The next three posts are structured as a dialogue, beginning with some remarks by Michael Witmore (a Serendip user) and Eric Alexander (Serendip’s designer). These remarks focus on how Serendip helped them to pinpoint this kinship between the two genres. In the next post, we have a “reaction” from a scholar of the Eighteenth Century Novel, Julie Park, who was recently a fellow at the Folger Shakespeare Library where Serendip was tested. Her post, entitled “Telling and Feeling, Aunts and Letters,” introduces some historical context for the development of the eighteenth century novel, moving on to show how the topic words associated with the prose fiction texts contribute to the latter’s project of rendering everyday life and moral sensibility for readers. Park offers specific readings of some of the topic words that Serendip flagged as highly present of our clusters of topic words, offering the perspective of a new user/interpreter on the results produced by a software tool still in development. In a final post entitled “What Does Lennox Do with Moral Philosophy Words?” Witmore expands on Park’s analysis, offering an interpretation of the differences between the two topical fields we are associating with the novel and moral philosophy.

Serendip

We begin with a few words about what Serendip is and how it works. At its highest level, Serendip allows users to visualize how topics are distributed across a document set. “Topics,” in this instance, are significant collections of words (extracted by an algorithm known as Latent Dirichlet Allocation, or LDA) that tend to occur in the same documents across a corpus. Serendip displays the occurrence of these topics in a re-orderable matrix that plots documents, in the vertical axis, against topics, in the horizontal axis, indicating individual proportions with circular glyphs of varying size. Documents can be displayed individually or in aggregate groups. After some tuning by Alexander, who is the original designer of Serendip, a user (in this case, Witmore) takes the tool and begins to explore these topics, looking at what words they contain and what texts score highest on each topic. The power of the tool is the ability it gives its user to re-order the matrix according to individual topics, texts, or text groups.

We are not going to discuss how topic modeling works in this post. (A good explanation can be found on Ted Underwood’s blog.) We do want to show something that happened when we began exploring this corpus using the topics that had been generated for us. You’ll see several screen shots below. For the time being, focus on the center pane with the yellow circles that look like planets. Across the top are the topics, which were named according to Witmore’s best guess at what they captured in texts. (Naming topics is a task that seems to have been designed for human beings: the judgments are highly contextual and built upon the study of examples.) Witmore’s topic names were based, first, on his examination of the word distribution in that topic (the window at right labeled “Novel”), but also on his knowledge of the works displayed in the lower right hand pane. (The lower right hand pane displays individual texts within a given subgroup of texts – here the ones that our bibliographer had labeled “prose fiction”). A lot of this is subjective, which is as it should be.
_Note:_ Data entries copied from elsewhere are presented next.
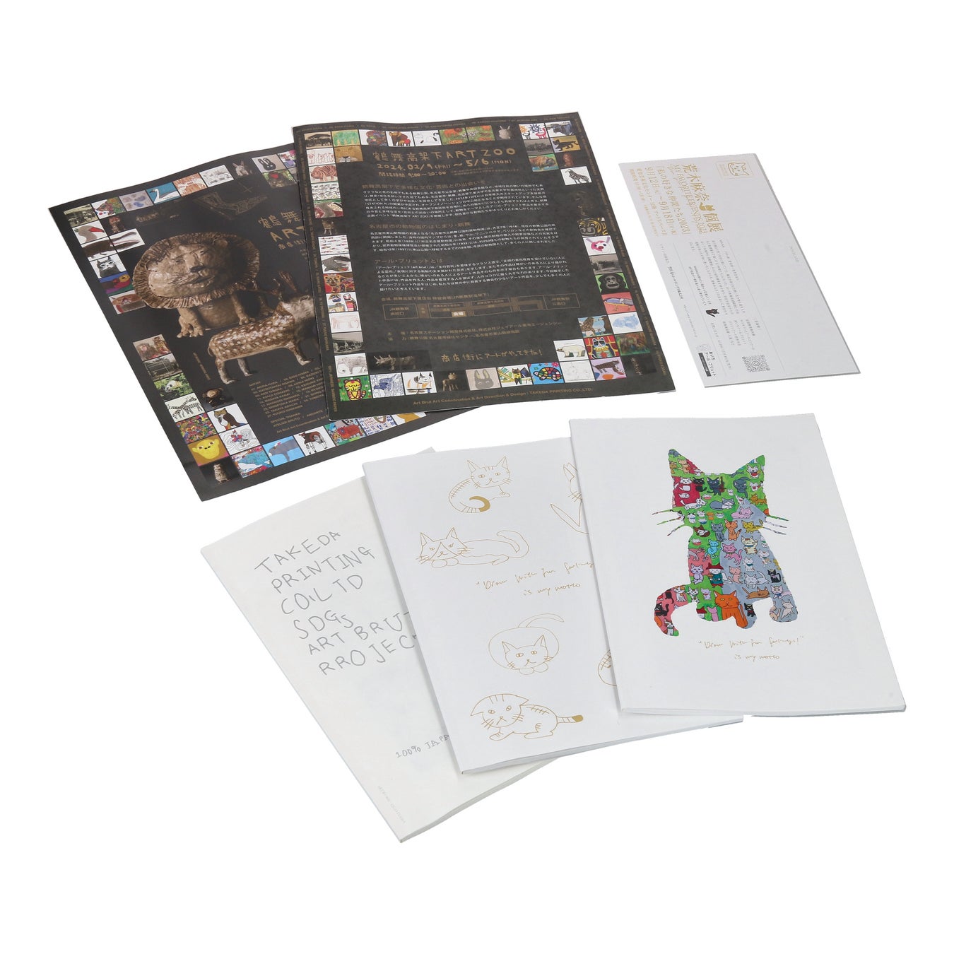 作品説明:障がいを持つ方々が多様な個性や能力を活かして活動できるような取り組みを実施したいとの考えのもと、アールブリュット作品(障がい者アート)を用いて、企業ノベルティ、個展のDM等を制作。特殊色を施し、竹紙や板紙等の用紙特性を生かすことで、個性的な作品がもつ表現の幅をさらに広げた。
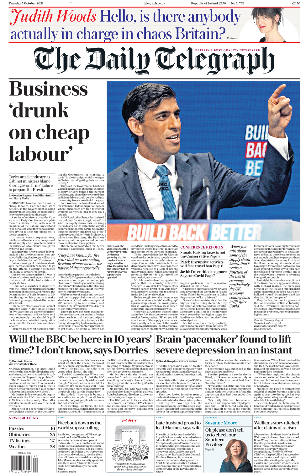 Μια φωτογραφία του καγκελαρίου Rishi Sunak από τη διάσκεψη δημοσιεύει η Daily Telegraph, καθώς το κύριο θέμα της εφημερίδας σημειώνει ότι μια πηγή κοντά σε μέλος του υπουργικού συμβουλίου κατηγορεί τις επιχειρήσεις πως είναι «εκστασιασμένες από τη φθηνή εργασία». Η εφημερίδα γράφει ότι η κυβέρνηση είναι έξαλλη που η βιομηχανία προσπάθησε να την κατηγορήσει για προβλήματα και ελλείψεις στην αλυσίδα εφοδιασμού. «Ακούτε την ομιλία του Rishi Sunak ενώ εγώ πηγαίνω και βγάζω βενζίνη από το αυτοκίνητό του», είναι η λεζάντα που συνοδεύει τη γελοιογραφία του Matt, καθώς η εφημερίδα καλύπτει τις δηλώσεις του καγκελάριου στο συνέδριο του Συντηρητικού Κόμματος για την κρίση της εφοδιαστικής αλυσίδας.
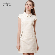 2017春装女方领水钻装饰旗袍式修身中长款提花连衣裙春秋长

On this screen, Witmore had selected the topic which he had named “Novel” at the top left portion of the page and then re-ordered the matrix to show all of the genre types which contain those topic words. (The genres are listed vertically in descending order down the red column at left.) The size of these circles represents the frequency with which this topic occurs in a given group of texts; additional information about outliers is furnished by the Saturn-like rings. We can also disaggregate this group and see how individual texts score on this topic, again in descending order:

Witmore’s initial name for this topic was “Novel,” which seems to accord well with the actual texts that are highly rated on this topic: Charlotte Lennox’s Henrietta, followed by two parts of a Richardson novel, a few dramas, and then more novels by Lennox and Richardson. Knowing that he needed to consult an expert, he decided to talk to Julie Park, a scholar of eighteenth century literature, whom he hoped could help him understand this topic. The initial identification of this topic, however, seemed right given that the matrix in the previous screenshot identifies texts classed as “Fictional Prose,” “Autobiography,” “Drama,” “Travelogue,” and “Biography” as high scorers on this topic. (“Legal Prose,” not so much, which is all for the good.)
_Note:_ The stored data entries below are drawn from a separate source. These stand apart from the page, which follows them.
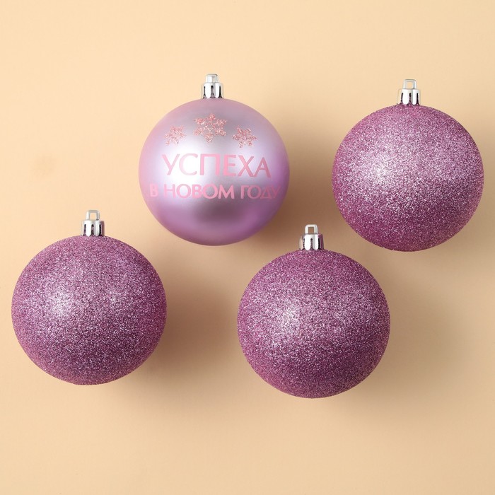 Шары ёлочные «Успеха в Новом году!», пластик, d=8, 4 шт., розовые
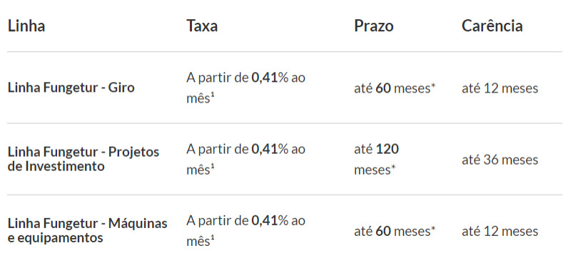 Através do Desenvolve SP, os recursos são disponibilizados por meio de linhas de crédito com condições facilitadas - taxas reduzidas e prazos estendidos. As empresas podem solicitar crédito para financiamento de projetos de investimento, aquisição de máquinas e equipamentos e capital de giro. As condições das três linhas Fungetur compreendem juros reduzidos de 0,41% ao mês e prazo estendido de até 120 meses, com até 36 de carência, além de garantia por meio do Fundo Garantidor e aval dos sócios.
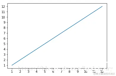 同理,对于yticks()函数定义和xticks()函数定义完全相同。对于第一个例子,如果希望在y轴上的刻度线也显示1到12所有的整数,则将lens(1,13,1)赋予yticks()的locs参数即可:
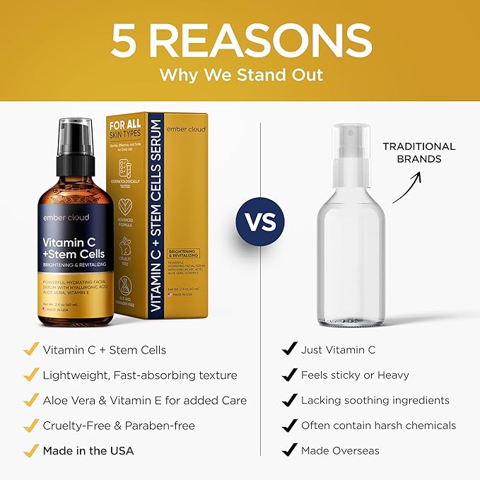 - Natural & Gentle Formula - Crafted with care, our serum features high-quality, natural ingredients like Vitamins C & E, Hyaluronic Acid, Stem Cells and Aloe Vera. Thoughtfully designed to be gentle, it suits even sensitive skin types.
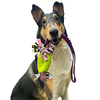This version of the Treat Hugger has a 14"-long bungee handle so that you can start introducing some resistance and tugging to your food-loving dog. It has the same fleece fringes as the Fleece Treat Hugger, and we have made it fantastically fun by using patterned nylon for the main body of the toy. The treat area is 4" long, 2-1/2" wide, and 1-1/2" high so it's a little smaller than the Fleece Treat Hugger.
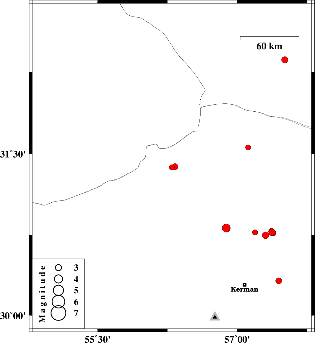 2018/11/12 | 19:40:16.1 | 23:10:16.1 | 31.559 | 57.117 | 18 | ML:2.6 | Kerman Province, 44 km North-East of Ravar | ||
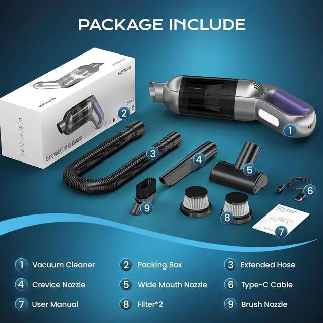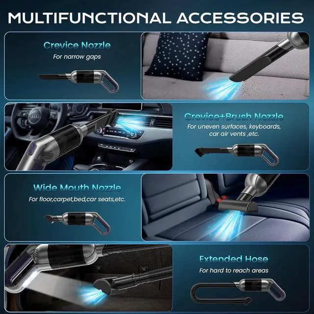 Built-in LED Light & Multifunctional AccessoriesThe built-in LED light illuminates dark corners and tight spaces, ensuring no dust or debris goes unnoticed. Plus, the included multifunctional accessories make this rechargeable hand vacuum versatile enough to handle a variety of cleaning tasks, from car interiors to home furniture and pet hair.
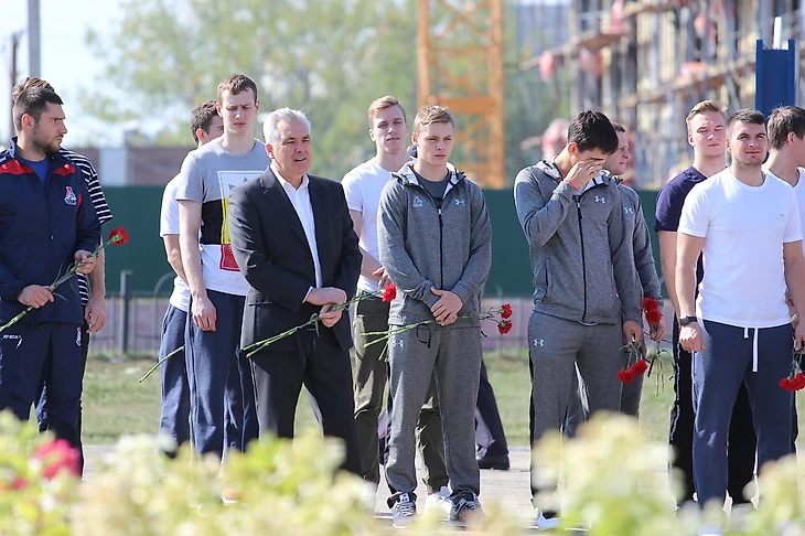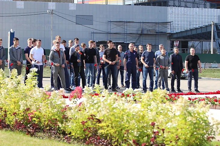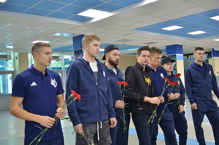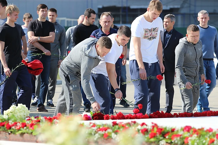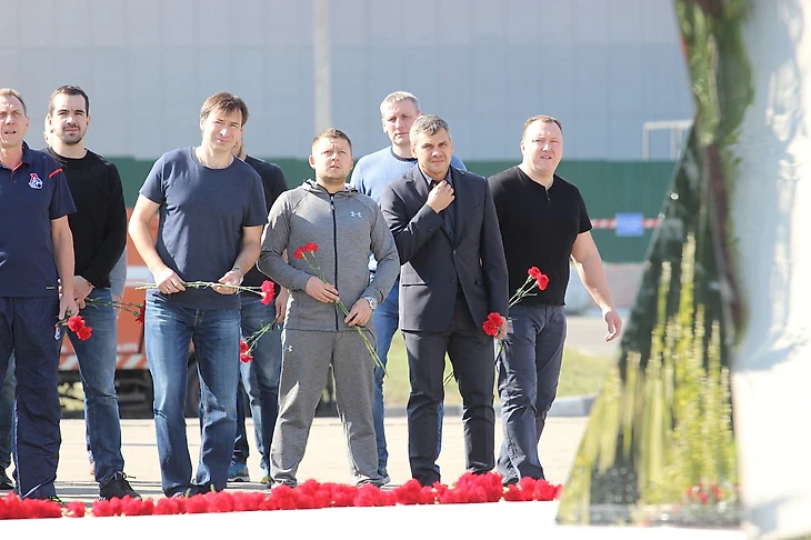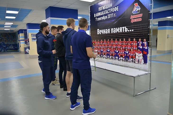Нынешний состав ярославской команды,тренеры и персонал возложили цветы к мемориалу «Хоккейное Братство» у «Арены-2000».

Neither Witmore nor Park was surprised to see that the words making up the “Novel” topic (mr, mrs, lady, madam, sir, miss, dear) occur frequently in epistolary novels, which make up a large proportion of this group. For structural reasons, the narrative voice of epistolary novels must register and mark an awareness of addressee (Mr., Sir, etc.); letters also recount dialogue (and so, once again, use terms of address and quotational words like “cried,” “told,” “replied,”). The drama of these novels is a social one; we are not surprised to find words that tag an individual’s social standing. (Technical terms from geometry or botany are not featured high on this list, for example.) The initial finding suggested to us that we were operating in the same universe as the tool; it was doing things we understood.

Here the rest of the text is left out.